Daily | In the Works | Stillman, Iñárritu, Jonze

Chloë Sevigny in 'The Cosmopolitans'

Chloë Sevigny in ‘The Cosmopolitans’

Whit Stillman‘s shot an Amazon Studios pilot for The Cosmopolitans in Paris with Chloë Sevigny and Adam Brody. You can watch a behind-the-scenes featurette at Vanity Fair (2’18”) and, for Vulture, William Van Meter‘s spoken with Stillman and a pretty excited Sevigny.

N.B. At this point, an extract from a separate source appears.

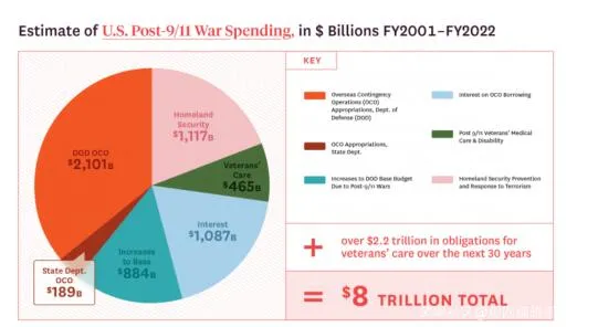 911之後的20年間,美國軍事開支超過8萬億美元,另外還有海外行動的各種花費贊助2.1萬億美元,國土安全和戰爭借款利息也超過了1萬億美元,林林總總算下來,美帝的9****11三大徵,花掉了14萬億美元。

As Katie Rife reports at the AV Club, The Cosmopolitans is one of five potential series Amazon will be introducing on August 28 and, “as in the past, the fate of each series will be heavily influenced by viewers.” The other four: Marc Forster’s Hand of God with Ron Perlman, Shaun Cassidy and Otto Bathurst’s Hysteria with Mena Suvari, David Gordon Green’s Red Oaks with Craig Roberts (and produced by Steven Soderbergh) and Jay Chandrasekhar’s Really with Sarah Chalke and Selma Blair.

Alejandro González Iñárritu’s One Percent, a ten-episode television drama series, will feature Ed Helms, Hilary Swank and Ed Harris. Ben Travers has details at Indiewire.

Producer Cassian Elwes has announced that Werner Herzog‘s Queen of the Desert, featuring Nicole Kidman, James Franco, Robert Pattinson and Damian Lewis, won’t be ready for the Toronto or Telluride film festivals. The Playlist‘s Kevin Jagernauth has details. Also: Pussy Riot’s Nadya Tolokonnikova and Maria Alyokhina will appear in the third season of House of Cards.

Betty Boop, the 1930s cartoon character that has lived on via thousands of T-shirts and other ephemera, is to be brought into the 21st century by Simon Cowell,” reports Ben Beaumont-Thomas in the Guardian. “The film arm of his company Syco Entertainment is partnering with Animal Logic, the team behind the animation on The Lego Movie, on a film described by Variety as ‘a music-driven hybrid animated comedy.'”

Spike Jonze and Jonah Hill have co-written a one-act play that’ll premiere during New York Fashion Week, reports Eric Eidelstein for Indiewire.

Lyle is “a peculiarly potent and eerie drama concerning a mother named Leah (Gaby Hoffmann) who loses her young son in a freak accident and begins to suspect it wasn’t an accident at all,” writes Stephen Saito, introducing his interview with director Stewart Thorndike and producer Alex Scharfman. Together, they’ve decided “to go outside the system to create and distribute a trio of psychologically frightening female-led flicks, of which Lyle is only the start. To whet the appetite for their second feature Putney, which naturally is set at a hotel possessing inexplicable mysteries for four guests inspired to go on an adventure by a TED Talk, Thorndike and Scharfman have put Lyle online for anyone to watch for the duration of Putney‘s Kickstarter campaign (ending Sept. 18).”